Current Location: Home> Latest Articles> How to use mb_strcut to intercept multibyte strings

How to use mb_strcut to intercept multibyte strings

gitbox 2025-05-31

mb_strcut is a very practical function when dealing with multibyte characters (such as Chinese, Japanese, Korean, etc.) in PHP. Unlike substr , it ensures that multi-byte characters will not be truncated, thus avoiding garbled problems. This article will explain in detail how to correctly use mb_strcut to intercept multi-byte strings and demonstrate them in combination with actual cases.

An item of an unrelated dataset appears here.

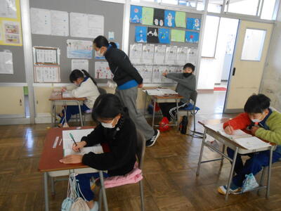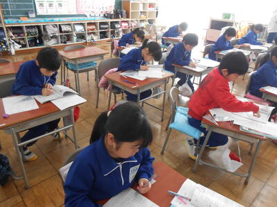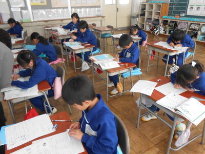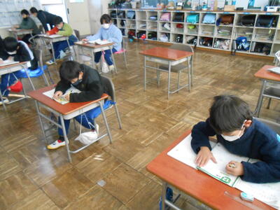 算数の学力調査です。これまで学習してきた内容の出題です。高学年は自主学習などで工夫して復習してきた様子がありました。家庭学習強化週間でのおうちの方のご協力もありがとうございました。

1. The difference between mb_strcut and mb_substr

Before you start, let’s briefly understand the difference between mb_strcut and mb_substr :

  • mb_substr is intercepted by the number of characters;

  • mb_strcut is intercepted by byte length, but it will ensure that characters are not truncated (that is, only part of a Chinese character will not be intercepted);

  • Both support specified character encoding.

This means that mb_strcut is more suitable for processing text at the byte level, such as limiting database field lengths, generating summary, etc.

2. Syntax of mb_strcut function

 string mb_strcut(string $string, int $start, int $length = null, string $encoding = null)
  • $string : the string to be processed;

  • $start : Start position (calculated by bytes);

  • $length : the number of bytes to be intercepted;

  • $encoding : character encoding (such as UTF-8, GBK, etc.), optional.

3. Use examples

Example 1: Basic usage

 <?php
$str = "Hello,world!";
$result = mb_strcut($str, 0, 6, "UTF-8");
echo $result; // Output:Hello
?>

Explanation: Each Chinese character occupies 3 bytes under UTF-8 encoding, so 6 bytes are exactly two Chinese characters.

Example 2: Prevent garbled code

If you use substr to intercept Chinese, garbled code is prone to occur:

 <?php
$str = "Hello,world!";
echo substr($str, 0, 5); // 可能Output乱码
?>

Change to mb_strcut to avoid this problem:

 <?php
$str = "Hello,world!";
echo mb_strcut($str, 0, 5, "UTF-8"); // Output:you
?>

Example 3: Display in conjunction with database or page

When you need to intercept an article summary, you can use the following method:

 <?php
$content = "Welcome to our official website:https://gitbox.net/blog/php-mb_strcut-use";
$summary = mb_strcut($content, 0, 60, "UTF-8");
echo $summary . "...";
?>

This will safely display a fixed-length summary in the webpage without garbled code.

4. How to determine the appropriate interception length?

Because multi-byte characters occupy different byte lengths under different encodings, it is recommended to use mb_strlen and mb_strcut for dynamic processing:

 <?php
function safe_cut($str, $maxBytes, $encoding = "UTF-8") {
    return mb_strcut($str, 0, $maxBytes, $encoding);
}
?>

This allows you to set byte limits flexibly, such as:

 echo safe_cut("This is aPHPExample of string processing", 9); // Output:This is

5. Things to note

  • mb_strcut is a byte-level operation, so it is particularly suitable for precise length control when storing or transmitting data;

  • It does not HTML encoding or filter strings, and needs to be used in combination with functions such as htmlspecialchars ;

  • Make sure the server has mbstring extension enabled and can be viewed via phpinfo() .

6. Conclusion

mb_strcut is an important tool in PHP for handling multibyte strings, especially for scenarios where precise control of byte length is required. By reasonably setting the starting position and length and combining coding settings, it can easily avoid garbled code problems and improve the robustness of the program. Make full use of mb_strcut in development, which can make you more comfortable when dealing with multilingual strings.